Leaving the pictures aside, repeat every line below exactly.

»»

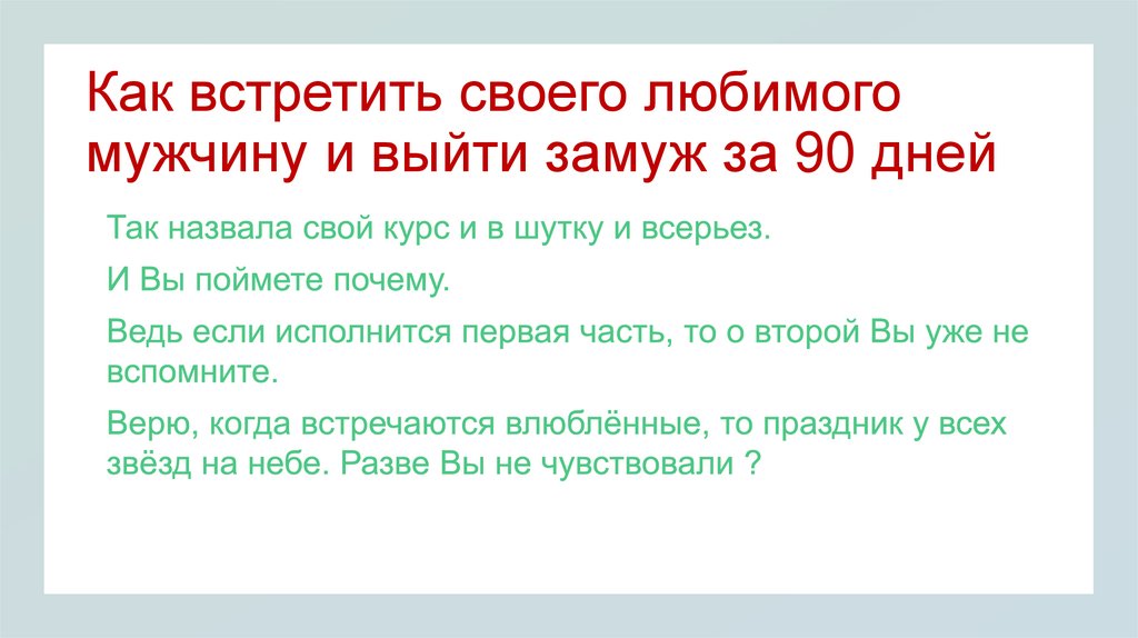 Как встретить своего любимогомужчину и выйти замуж за 90 дней
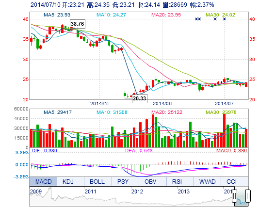 | 今 開: | 23.21 | 成交量: | 2.87萬手 | 振 幅: | 4.83% |
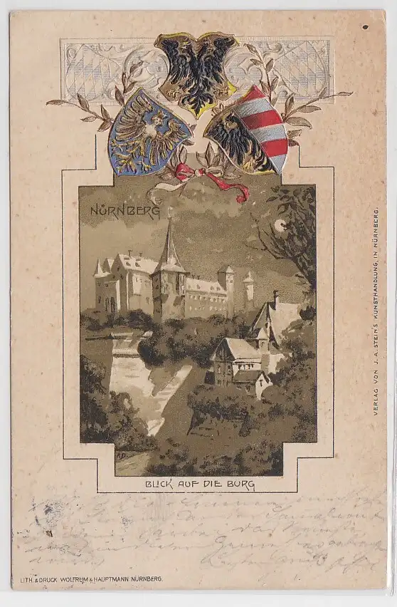 96323 Präge Ak Lithographie Nürnberg Blick auf die Burg 1900
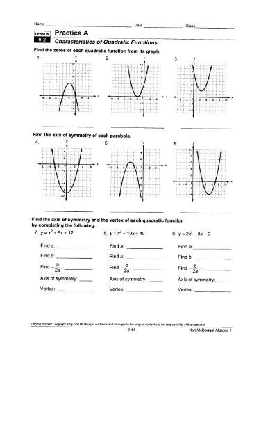 Web Algebra 1 8.2 Worksheet Characteristics Of Quadratic Functions Answers.
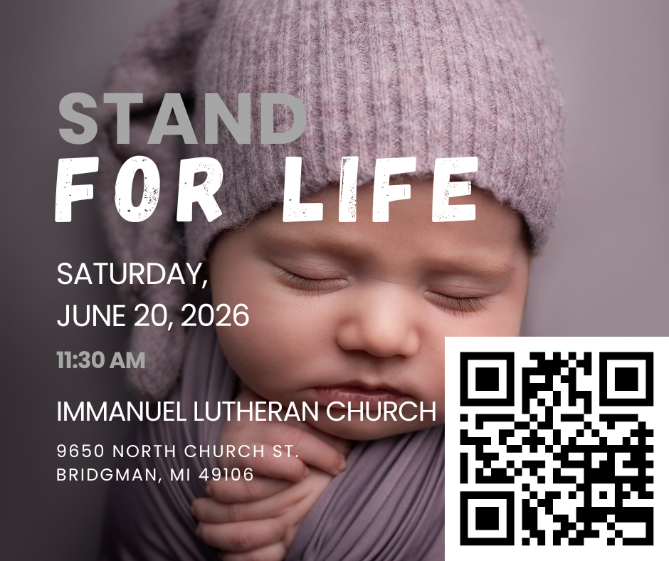 Join us for Stand for Life, a community gathering in Bridgman where we come together to take a stand for LIFE. The day begins with a brief program and walk to City Hall, followed by a luncheon.
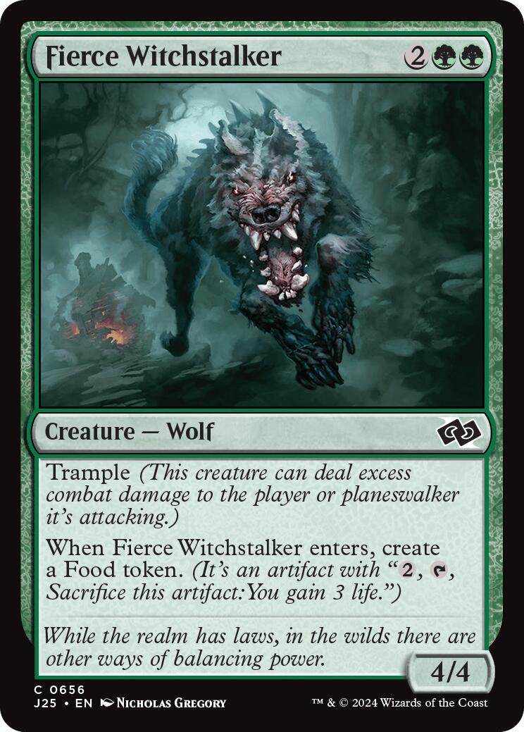 - Rules Text Contains: Trample <em>(This creature can deal excess combat damage to the player or planeswalker it's attacking.)</em> <br> When Fierce Witchstalker enters, create a Food token. <em>(It's an artifact with "2, T, Sacrifice this artifact: You gain 3 life.")</em>
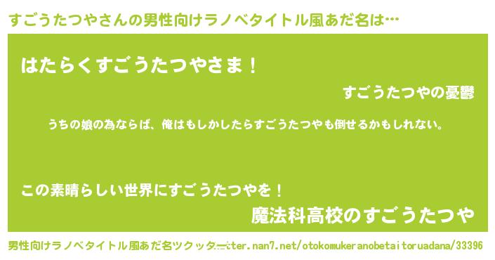 | 女子向けラノベタイトル風あだ名 | 『すごうたつやの婚約者』 |
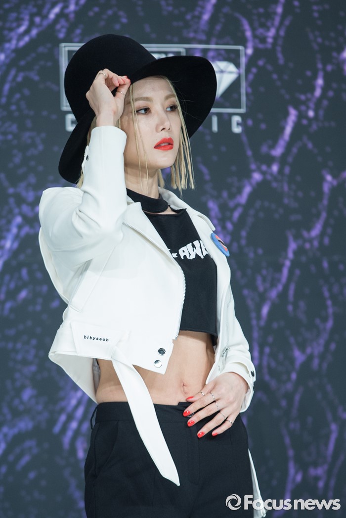 (서울=포커스뉴스) 29일 오전 서울 영등포구 타임스퀘어 아모리스홀에서 열린 Mnet '언프리티 랩스타 3' 제작발표회에 참석한 래퍼 미료가 포토타임을 갖고 있다.
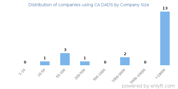 We have data on 20 companies that use CA DADS. The companies using CA DADS are most often found in United States and in the Information Technology and Services industry. CA DADS is most often used by companies with >10000 employees and >1000M dollars in revenue. Our data for CA DADS usage goes back as far as 10 years and 2 months.
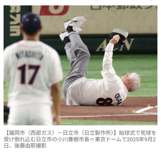 【福岡市(西部ガス)-日立市(日立製作所)】始球式で死球を受け倒れ込む日立市の小川春樹市長=東京ドームで2025年9月2日、後藤由耶撮影
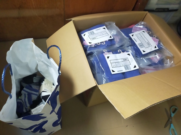 靴下が216足揃ったので、チョコレートと一緒にスーツケースに詰めてみました。後は文明堂のカステラ巻を出発前に詰め込みます。
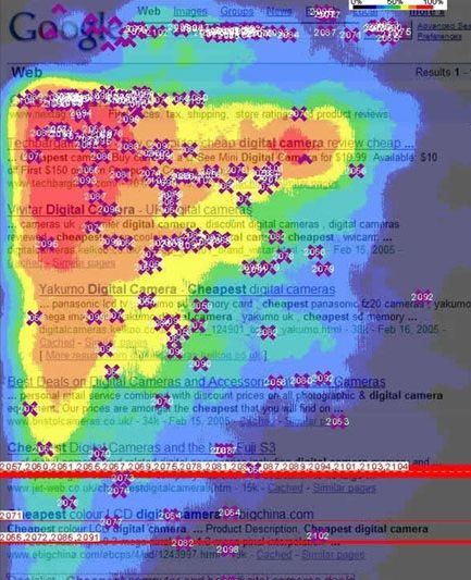 En référencement naturel, seule une position sur la première page des résultats d’une recherche de mot-clé donne réellement des chances d’attirer un internaute. Posez-vous d’ailleurs la question suivante : en tant qu’internaute, jusqu’à quelle page allez-vous chercher la réponse lorsque vous tapez un mot-clé sur Google ? Dans la quasi-totalité des cas, l’internaute s’arrête à la première page, éventuellement la deuxième. Et même en première page, les écarts sont significatifs d’une position à la suivante. L’outil Advanced Web Ranking observe que les 5 premiers résultats représentent 70 à 80% des clics des internautes.* La heat map (carte de chaleur) ci-dessous montre bien que l’œil humain et le curseur de la souris concentrent leur attention tout en haut à gauche de l’écran.2/ Du contenu de qualité tu créeras
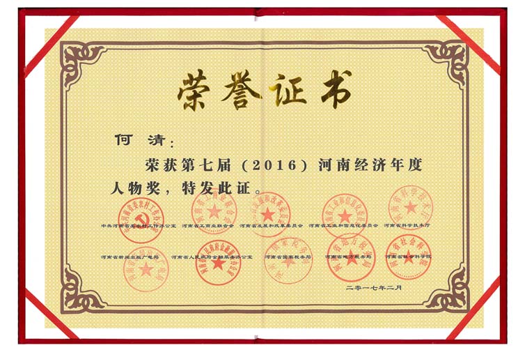 熱烈慶祝公司董事長書記何清先生榮獲 第七屆(2016)"河南經(jīng)濟(jì)年度人物"
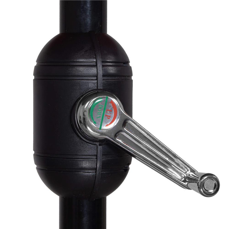 Dimensiune mare a baldachinului Mecanismul manivela este usor de utilizat si faciliteaza semnificativ desfacerea si plierea umbrelei. Doar rotiti manivela de cateva ori si baldachinul va acoperi complet masa sau sezlongurile de la soare.Materialul care a fost ales pentru a crea copertina a fost selectat cu grija. Acest lucru il face impermeabil si usor de curatat. Rama umbrelei este protejata cu un strat de pulbere neagra. Umbrela de gradina are capacitatea de a „ rupe cadrul ”. Acest lucru va fi perfect atunci cand soarele nu mai este complet deasupra copertinei pentru a garanta umbra in locul de odihna dupa ajustarea pozitiei acestuia.Un baldachin mare cu 8 panouri va oferi umbra placuta in zilele insorite si caniculare.
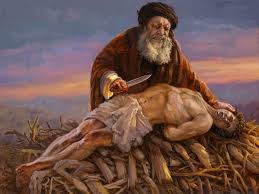Judaism was founded on the basis that Abraham’s God wanted children to be sacrificed. Although Eve’s son, Cain, killed his twin brother, Abel, as Abel’s offering of cooked viands was more pleasing to God than Cain’s fruit, although Abel wasn’t then cooked, whereas Isaac was to be sacrificed on the altar of God, as God wanted the smell of cooked human flesh. Although their mother, Eve, is described as being created by God from Adam’s rib, both Eve and Adam were hermaphrodites, according to Jewish midrash, that is, biblical exegesis, ‘So God created mankind in his own image, in the image of God he created them; male and female he created them.’ (Gen: 1. 27) It’s likely that Eve was the result of self-fertilization. The logical concomitant, as indicated by the title of the early feminist magazine, Spare Rib (1972-93), that humans were food: ribs.

««

# RESULT
 Как встретить своего любимогомужчину и выйти замуж за 90 дней
 | 今 開: | 23.21 | 成交量: | 2.87萬手 | 振 幅: | 4.83% |
 96323 Präge Ak Lithographie Nürnberg Blick auf die Burg 1900
 Web Algebra 1 8.2 Worksheet Characteristics Of Quadratic Functions Answers.
 Join us for Stand for Life, a community gathering in Bridgman where we come together to take a stand for LIFE. The day begins with a brief program and walk to City Hall, followed by a luncheon.
 - Rules Text Contains: Trample <em>(This creature can deal excess combat damage to the player or planeswalker it's attacking.)</em> <br> When Fierce Witchstalker enters, create a Food token. <em>(It's an artifact with "2, T, Sacrifice this artifact: You gain 3 life.")</em>
 | 女子向けラノベタイトル風あだ名 | 『すごうたつやの婚約者』 |
 (서울=포커스뉴스) 29일 오전 서울 영등포구 타임스퀘어 아모리스홀에서 열린 Mnet '언프리티 랩스타 3' 제작발표회에 참석한 래퍼 미료가 포토타임을 갖고 있다.
 We have data on 20 companies that use CA DADS. The companies using CA DADS are most often found in United States and in the Information Technology and Services industry. CA DADS is most often used by companies with >10000 employees and >1000M dollars in revenue. Our data for CA DADS usage goes back as far as 10 years and 2 months.
 【福岡市(西部ガス)-日立市(日立製作所)】始球式で死球を受け倒れ込む日立市の小川春樹市長=東京ドームで2025年9月2日、後藤由耶撮影
 靴下が216足揃ったので、チョコレートと一緒にスーツケースに詰めてみました。後は文明堂のカステラ巻を出発前に詰め込みます。
 En référencement naturel, seule une position sur la première page des résultats d’une recherche de mot-clé donne réellement des chances d’attirer un internaute. Posez-vous d’ailleurs la question suivante : en tant qu’internaute, jusqu’à quelle page allez-vous chercher la réponse lorsque vous tapez un mot-clé sur Google ? Dans la quasi-totalité des cas, l’internaute s’arrête à la première page, éventuellement la deuxième. Et même en première page, les écarts sont significatifs d’une position à la suivante. L’outil Advanced Web Ranking observe que les 5 premiers résultats représentent 70 à 80% des clics des internautes.* La heat map (carte de chaleur) ci-dessous montre bien que l’œil humain et le curseur de la souris concentrent leur attention tout en haut à gauche de l’écran.2/ Du contenu de qualité tu créeras
 熱烈慶祝公司董事長書記何清先生榮獲 第七屆(2016)"河南經(jīng)濟(jì)年度人物"
 Dimensiune mare a baldachinului Mecanismul manivela este usor de utilizat si faciliteaza semnificativ desfacerea si plierea umbrelei. Doar rotiti manivela de cateva ori si baldachinul va acoperi complet masa sau sezlongurile de la soare.Materialul care a fost ales pentru a crea copertina a fost selectat cu grija. Acest lucru il face impermeabil si usor de curatat. Rama umbrelei este protejata cu un strat de pulbere neagra. Umbrela de gradina are capacitatea de a „ rupe cadrul ”. Acest lucru va fi perfect atunci cand soarele nu mai este complet deasupra copertinei pentru a garanta umbra in locul de odihna dupa ajustarea pozitiei acestuia.Un baldachin mare cu 8 panouri va oferi umbra placuta in zilele insorite si caniculare.
Judaism was founded on the basis that Abraham’s God wanted children to be sacrificed. Although Eve’s son, Cain, killed his twin brother, Abel, as Abel’s offering of cooked viands was more pleasing to God than Cain’s fruit, although Abel wasn’t then cooked, whereas Isaac was to be sacrificed on the altar of God, as God wanted the smell of cooked human flesh. Although their mother, Eve, is described as being created by God from Adam’s rib, both Eve and Adam were hermaphrodites, according to Jewish midrash, that is, biblical exegesis, ‘So God created mankind in his own image, in the image of God he created them; male and female he created them.’ (Gen: 1. 27) It’s likely that Eve was the result of self-fertilization. The logical concomitant, as indicated by the title of the early feminist magazine, Spare Rib (1972-93), that humans were food: ribs.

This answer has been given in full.